Is Beta important for investing in stocks?
What is Beta?
There are many different strategies and investment styles you can use for investing in stocks, with different market conditions requiring different investment approaches. For example, one investor’s view of what constitutes a “safe haven” or a defensive investment will differ from another’s. Different investors will also have different views on how best to maximise profit, or on what constitutes investment break-even. Beta analysis is one criterion for investment.
Beta measures the volatility of a stock or a portfolio, or its systematic risk, in comparison to the wider market as a whole. It is used in the capital asset pricing model (CAPM), which calculates the expected return of an asset based on its Beta and expected market returns. This is used, for example, in DCF (discounted cash flow) valuations. A Beta of less than 1 indicates the security is less volatile than the market overall, while greater than 1 indicates higher volatility than the market. For example, if a stock's Beta is 1.2, it is theoretically 20% more volatile than the market.
Beta analysis – Risky or safe?
With economic ups and downs, or fluctuations in oil prices or currencies, it is difficult for any investor to analyse risk. However, factors like Beta, a company’s fundamentals, or its stock price performance relative to a stock’s industry sector, or relative to a broader index, can assist investors to minimize their risk. Beta is one factor connected with stock price risk, but it has limits for those investors who are more interested in fundamental risk factors.
High-Beta stocks are supposedly riskier, but have the potential to generate higher returns; low-Beta stocks are lower risk but also (in theory) lower return. Beta is a quantifiable measure which gives investors a bit of clarity on the likely characteristics of a company’s share price performance and helps them to analyse risk factors better. Variations in Beta depend on factors like the broader market index used in the analysis and the time period measured.
On the other hand, Beta analysis has its own shortcomings. Importantly, Beta does not take account of new information or incorporate any new risk factors which are not already known about. Also, a singles stock’s Beta is volatile and can change over time. Thus for short term traders, Beta is a reasonably good risk metric, while for long-term investors it is less useful.

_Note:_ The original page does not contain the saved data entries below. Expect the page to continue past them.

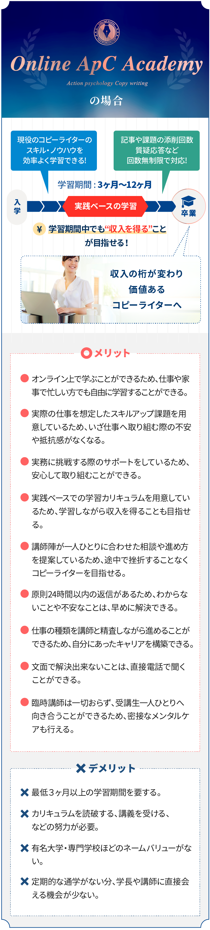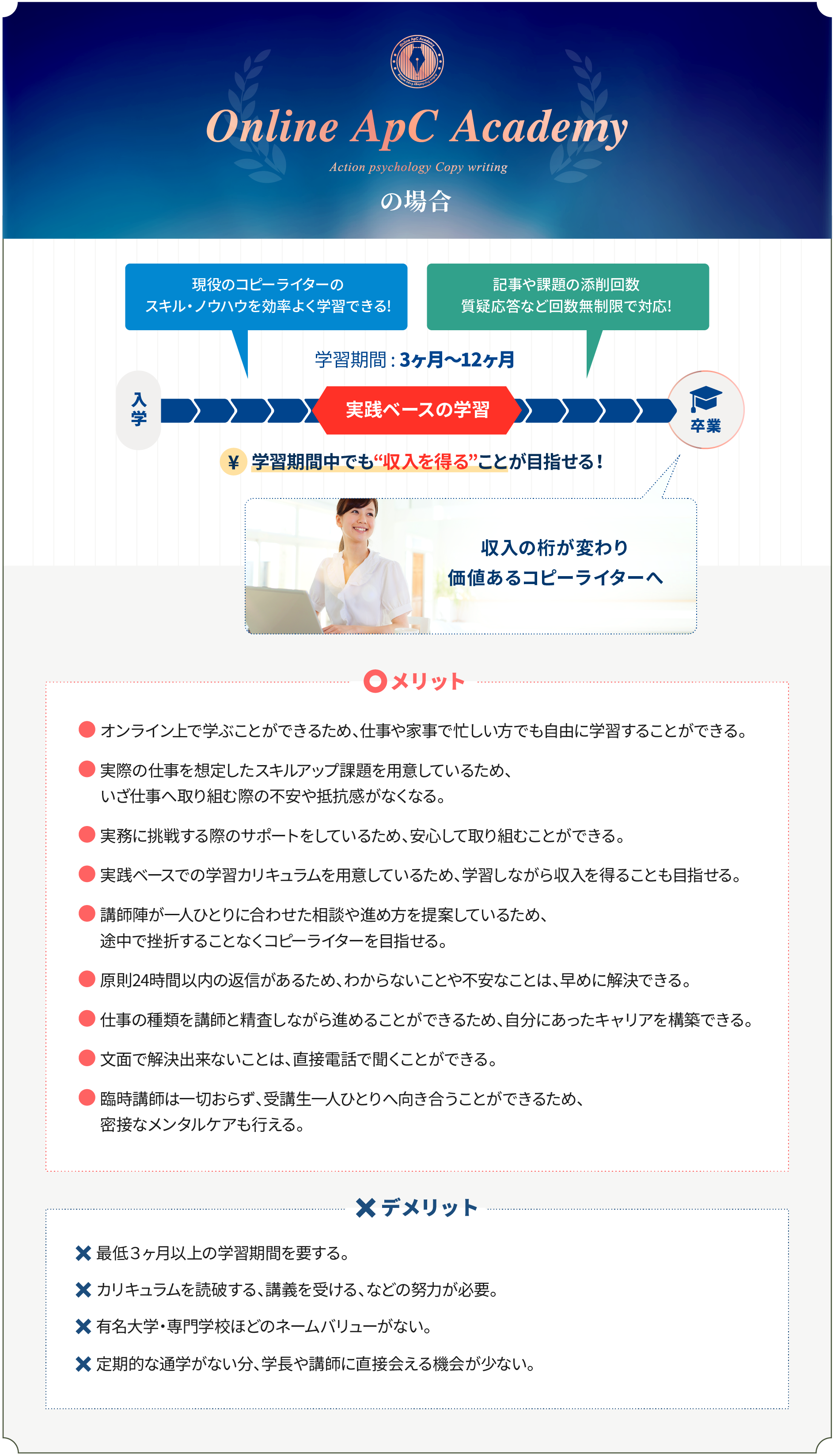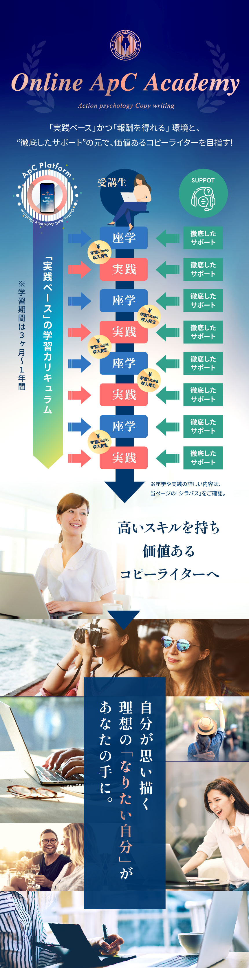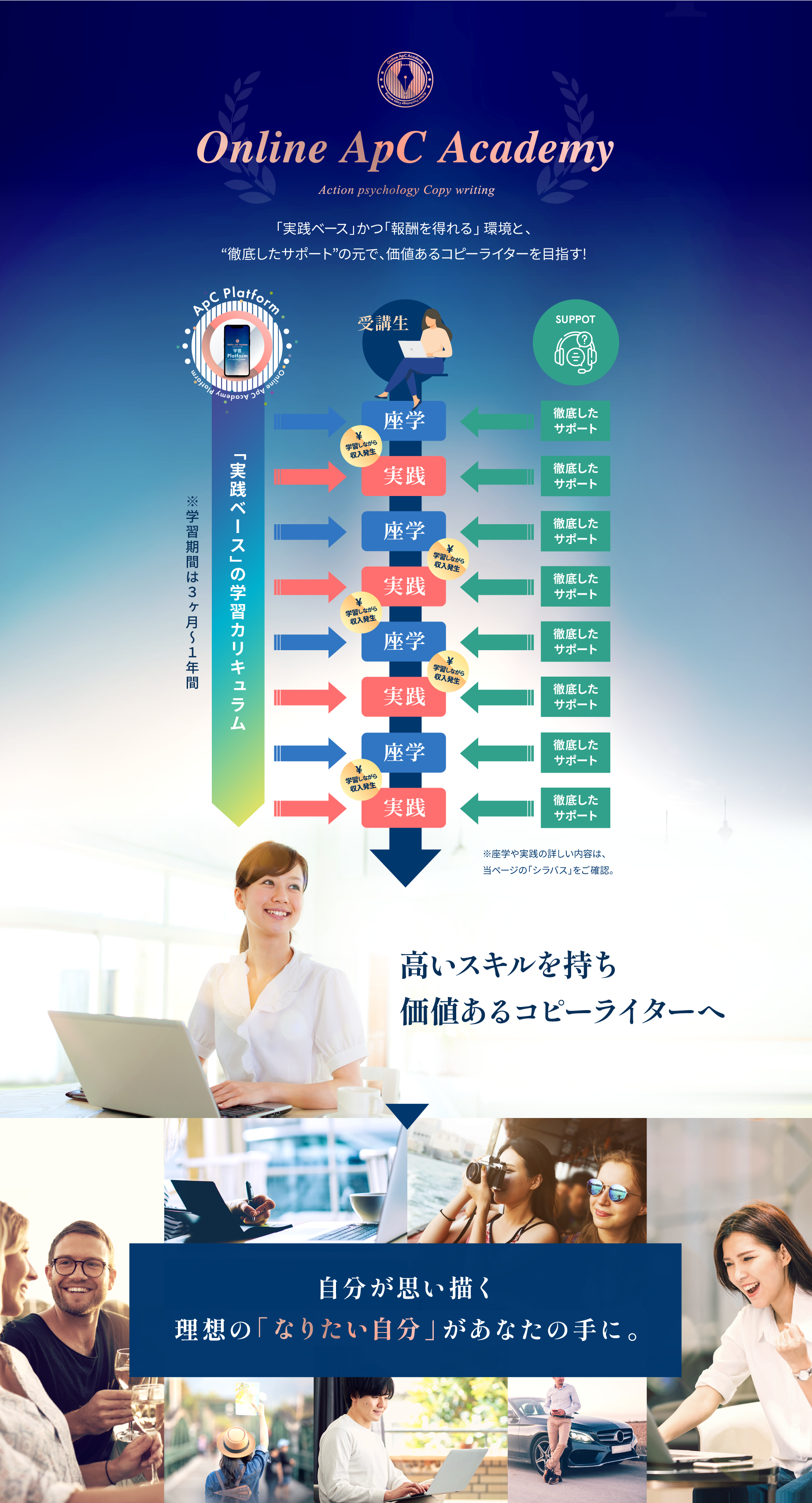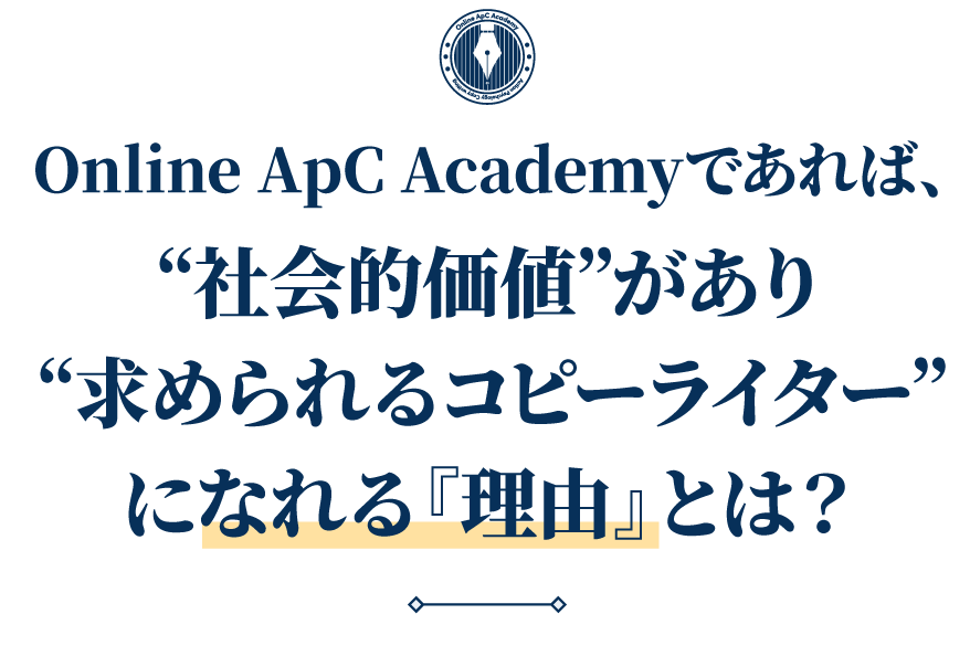 当社が提供する「Online ApC Academy」という名称のコピーライター養成オンラインスクール(理由の如何を問わず、その名称又は内容が変更された場合の当該変更後のサービスを含みます。)及び当社所定の関連ソフトウェアをいいます。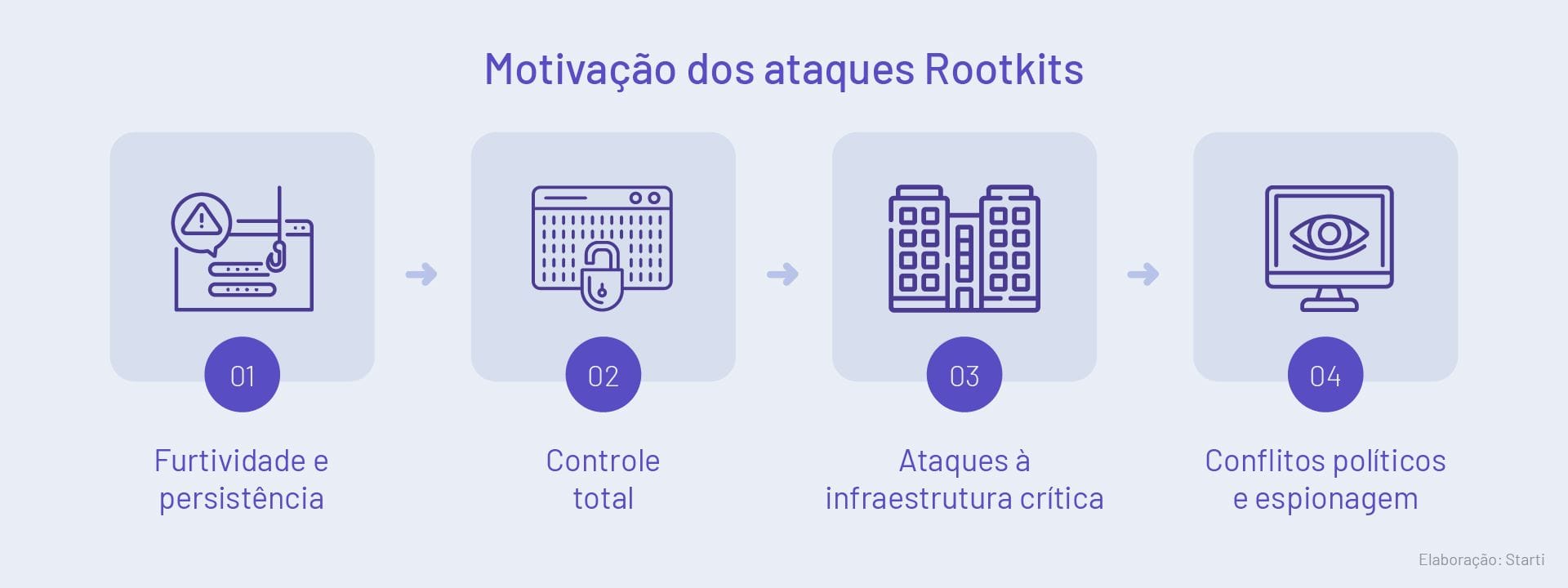 - Ataques à infraestrutura crítica: os rootkits podem ser utilizados para atacar infraestruturas críticas, como sistemas de energia, água, saúde e serviços financeiros. Isso ocorre pela dificuldade de detecção e mitigação desses malwares.
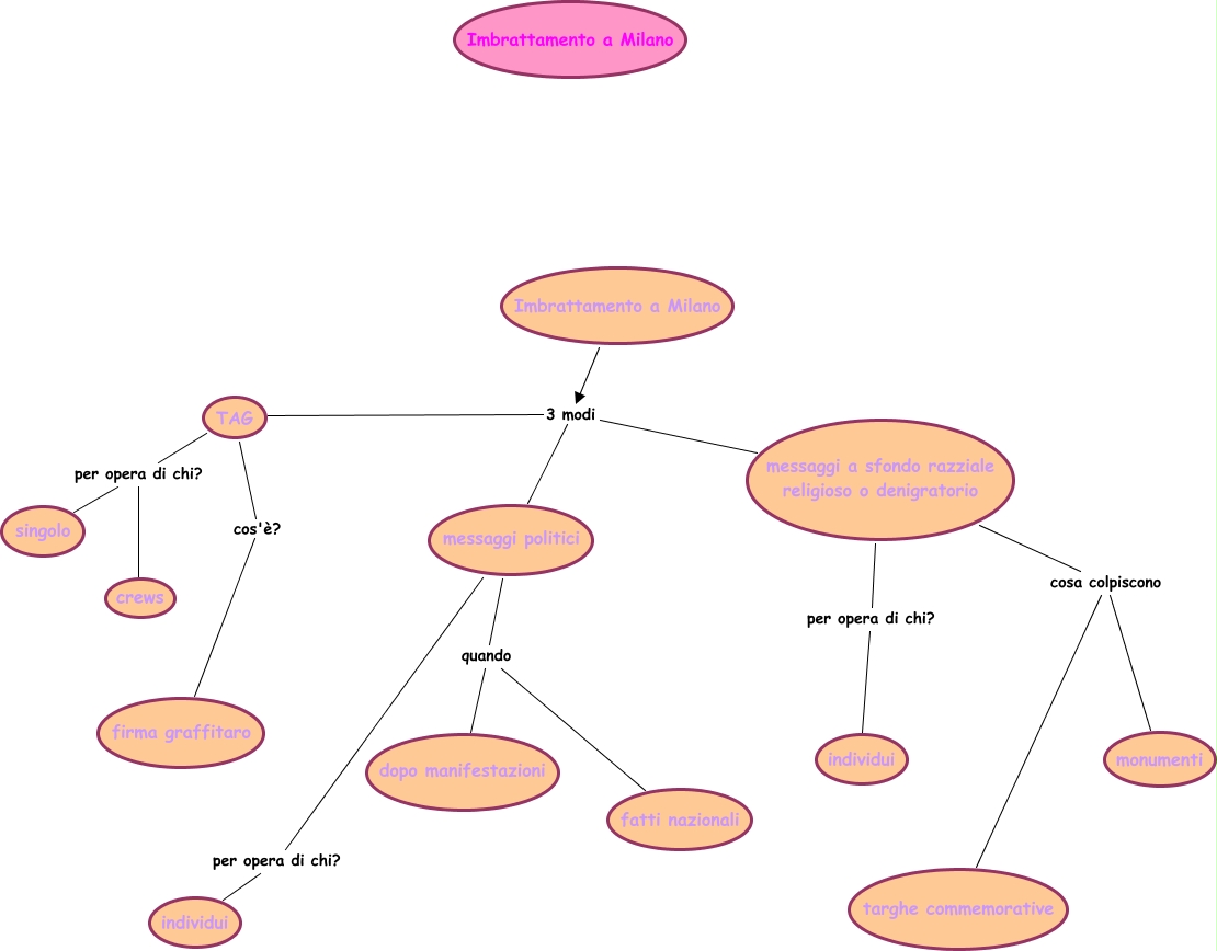 Questa Cmap, creata con IHMC CmapTools, contiene informazioni relative a: imbrattamento a milano, messaggi a sfondo razziale religioso o denigratorio per opera di chi? individui, messaggi a sfondo razziale religioso o denigratorio cosa colpiscono targhe commemorative, messaggi politici per opera di chi? individui, TAG per opera di chi? crews, messaggi politici quando fatti nazionali, TAG per opera di chi? singolo, TAG cos'è? firma graffitaro, messaggi politici quando dopo manifestazioni, Imbrattamento a Milano 3 modi TAG, messaggi a sfondo razziale religioso o denigratorio cosa colpiscono monumenti, Imbrattamento a Milano 3 modi messaggi politici, Imbrattamento a Milano 3 modi messaggi a sfondo razziale religioso o denigratorio

Example – looking at Beta for a Chinese tech stock
Baidu, Inc. (NASDAQ: BIDU), an American Depository Receipt listed on the U.S. Stock Exchange, is a Chinese-language Internet search provider, providing Chinese-language internet search services. The company currently trades at a Beta of 2.25, compared to competitors, such as Sohu.com Inc (NASDAQ: SOHU) at 1.90 and SINA Corp (NASDAQ: SINA) at 1.63. A Beta in excess of 1 for both stocks indicates that the industry overall is higher risk.
However, the fact that Baidu has the highest Beta suggests that on a short–term view it is a marginally more risky stock than its peers. For example, Baidu’s current investment in its O2O business (Online to offline) is negatively impacting margins and putting downward pressure on earnings, meaning for example that forward earnings guidance has been below investor expectations.
This in turn has affected short-term share price performance. Thus Baidu shares have been more volatile relative to the market, and this is reflected in their higher Beta. If, however, this investment were to pay off in due course, then a higher Beta would imply that, with enhanced growth prospects, the stock could outperform relative to the market over the longer term.